• Task requirements: Apart from the images, repeat the data below exactly as written.

• Provided material:
....

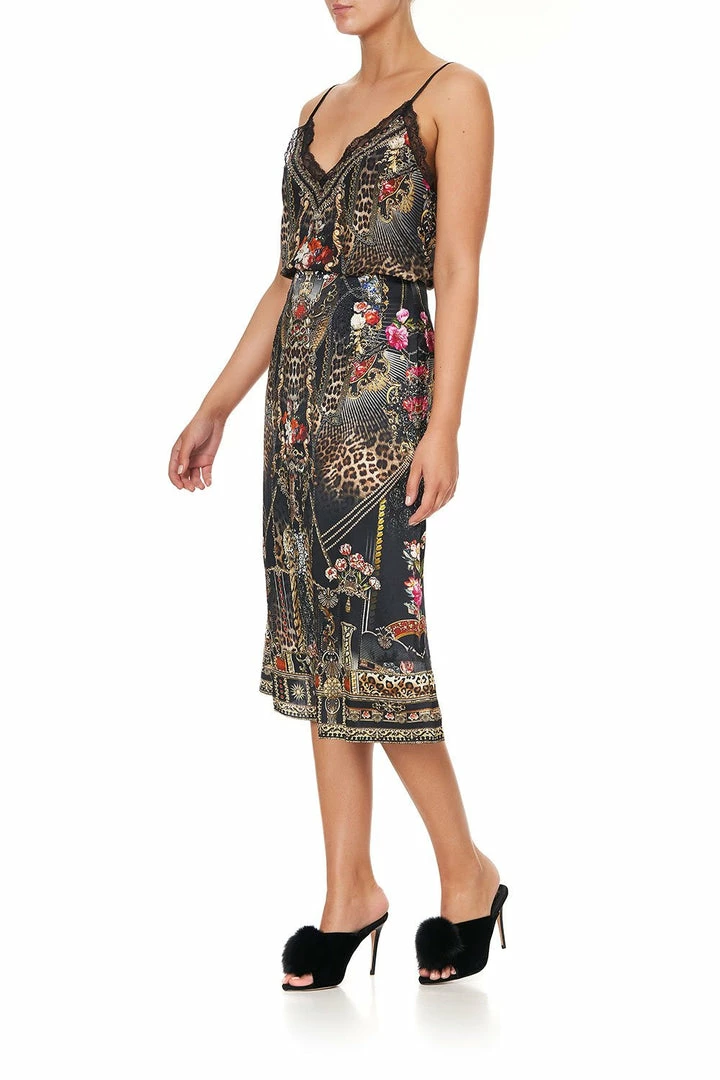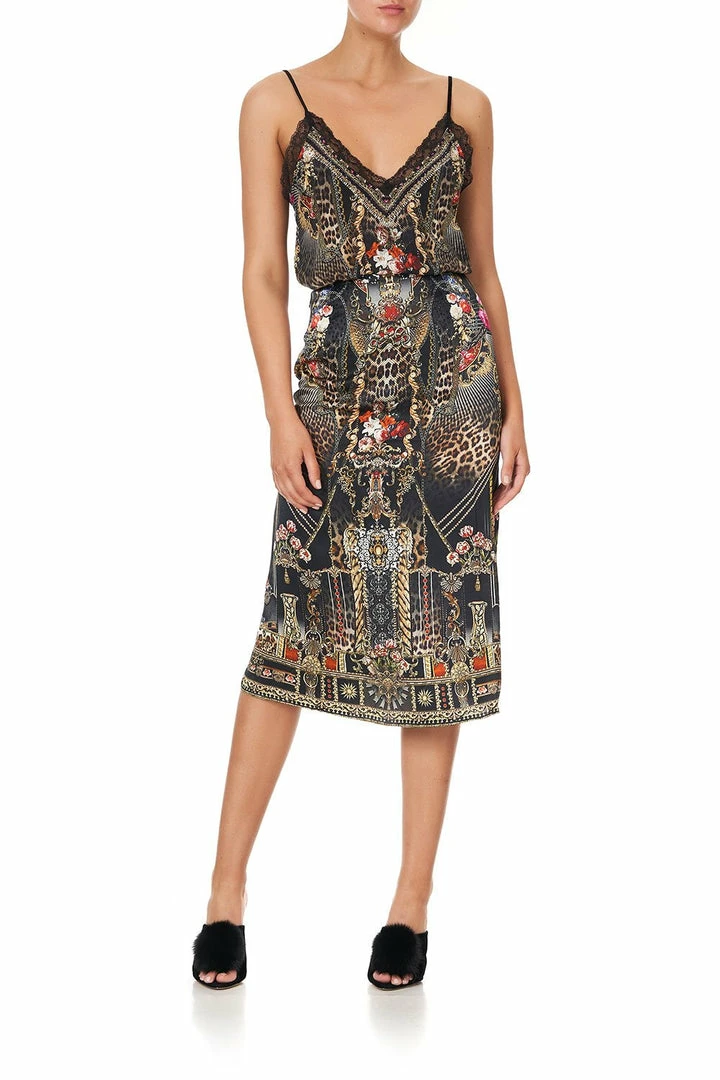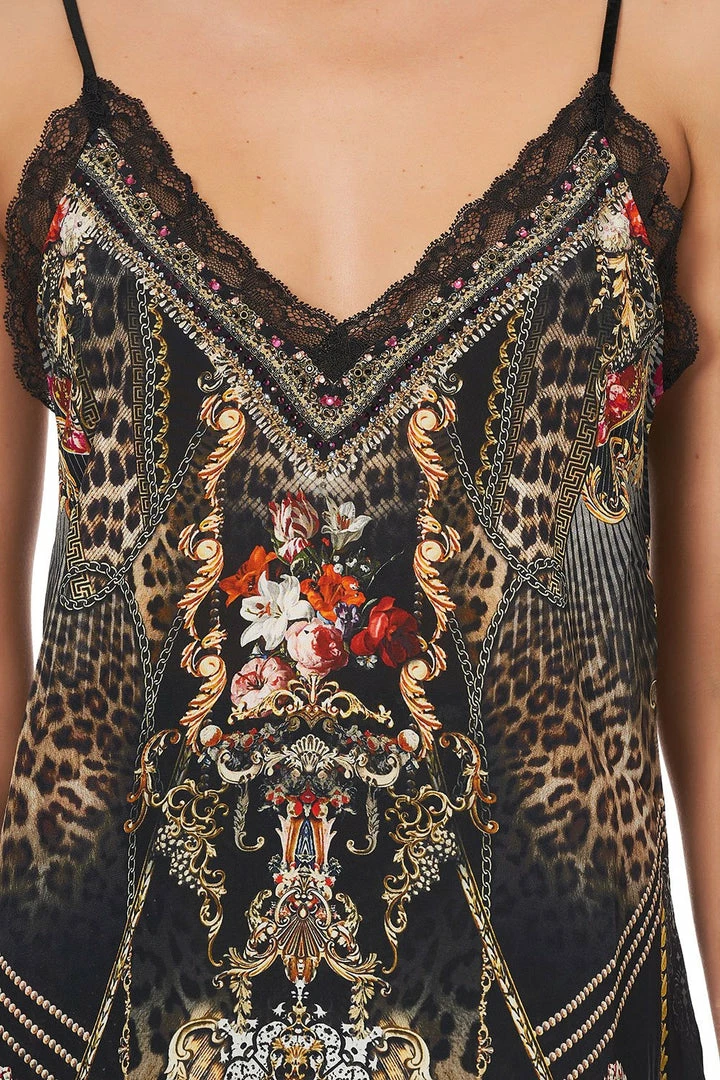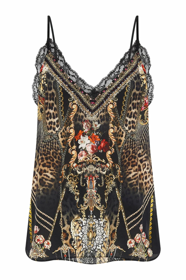 Effortlessly glamourous, the Gothic Goddess Lace Trim Cami is inspired by romantic gothic architecture and the colours created by stained glass windows in ancient cathedrals. This cami is fashioned from luxurious silk in which features soft pink florals and dripping golden chains, finished with flickering CAMILLA crystals. This silk camisole features an elegant V-neck trimmed in eyelash lace with adjustable straps to ensure the perfect fit. A versatile piece suitable for casual days or formal evenings, it is an elegant addition to any outfit. Worn with the Gothic Goddess Slip Midi Skirt, this ensemble becomes a beautiful dress.
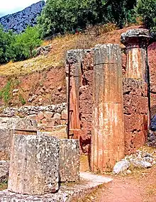 The Temple of Athena Pronaia was a temple at the ancient site of Delphi, in the Sanctuary of Athena Pronaia, a group of buildings comprising temples and treasuries as well as the famous Tholos of Delphi. There were in fact three successive temples built at the site. The earlier temples (38°28′49″N 22°30′30″E / 38.48015°N 22.50838°E), referred to as A and B, were built in the 7th and 6th centuries BC respectively and were made of porous stone; a third temple (38°28′49″N 22°30′28″E / 38.48025°N 22.50765°E) was built of limestone in the 4th century BC, although it is not certain that it actually was dedicated to Athena this time.
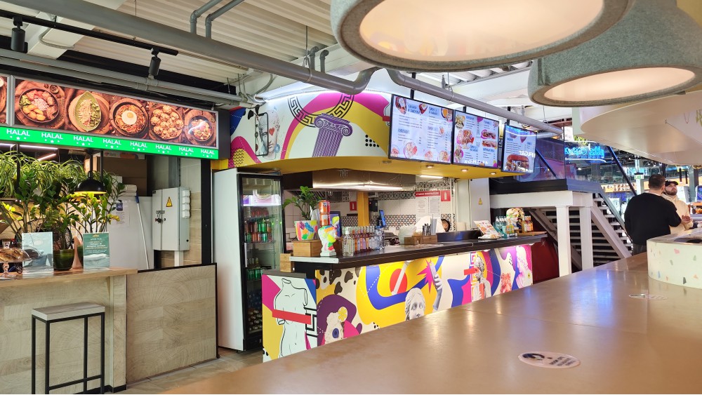 Год назад (https://allcafe.ru/reviews/kolonka-restorannogo-kritika/proekt-subboty-v-eat-market-pita-piter-tretiy-sezon/) начинал так же. Греческий салат (390): цена невысока, за это время не менялась, продукты хорошие, всё нравится, сыр разделили — заметнее уголки и удобнее! С ресторанными «греками» за 900 не сравниваем! Опять: чуть (в два раза) больше сушёных травок присыпки, что и делает греческий салат! Орегано сушёный или смесь готовая «для греческого», что чуть шире составом — что угодно положите, но окраса больше. Масло хорошее использовали, ему помощник нужен.

....

• Answer box:
 Effortlessly glamourous, the Gothic Goddess Lace Trim Cami is inspired by romantic gothic architecture and the colours created by stained glass windows in ancient cathedrals. This cami is fashioned from luxurious silk in which features soft pink florals and dripping golden chains, finished with flickering CAMILLA crystals. This silk camisole features an elegant V-neck trimmed in eyelash lace with adjustable straps to ensure the perfect fit. A versatile piece suitable for casual days or formal evenings, it is an elegant addition to any outfit. Worn with the Gothic Goddess Slip Midi Skirt, this ensemble becomes a beautiful dress.
 The Temple of Athena Pronaia was a temple at the ancient site of Delphi, in the Sanctuary of Athena Pronaia, a group of buildings comprising temples and treasuries as well as the famous Tholos of Delphi. There were in fact three successive temples built at the site. The earlier temples (38°28′49″N 22°30′30″E / 38.48015°N 22.50838°E), referred to as A and B, were built in the 7th and 6th centuries BC respectively and were made of porous stone; a third temple (38°28′49″N 22°30′28″E / 38.48025°N 22.50765°E) was built of limestone in the 4th century BC, although it is not certain that it actually was dedicated to Athena this time.
 Год назад (https://allcafe.ru/reviews/kolonka-restorannogo-kritika/proekt-subboty-v-eat-market-pita-piter-tretiy-sezon/) начинал так же. Греческий салат (390): цена невысока, за это время не менялась, продукты хорошие, всё нравится, сыр разделили — заметнее уголки и удобнее! С ресторанными «греками» за 900 не сравниваем! Опять: чуть (в два раза) больше сушёных травок присыпки, что и делает греческий салат! Орегано сушёный или смесь готовая «для греческого», что чуть шире составом — что угодно положите, но окраса больше. Масло хорошее использовали, ему помощник нужен.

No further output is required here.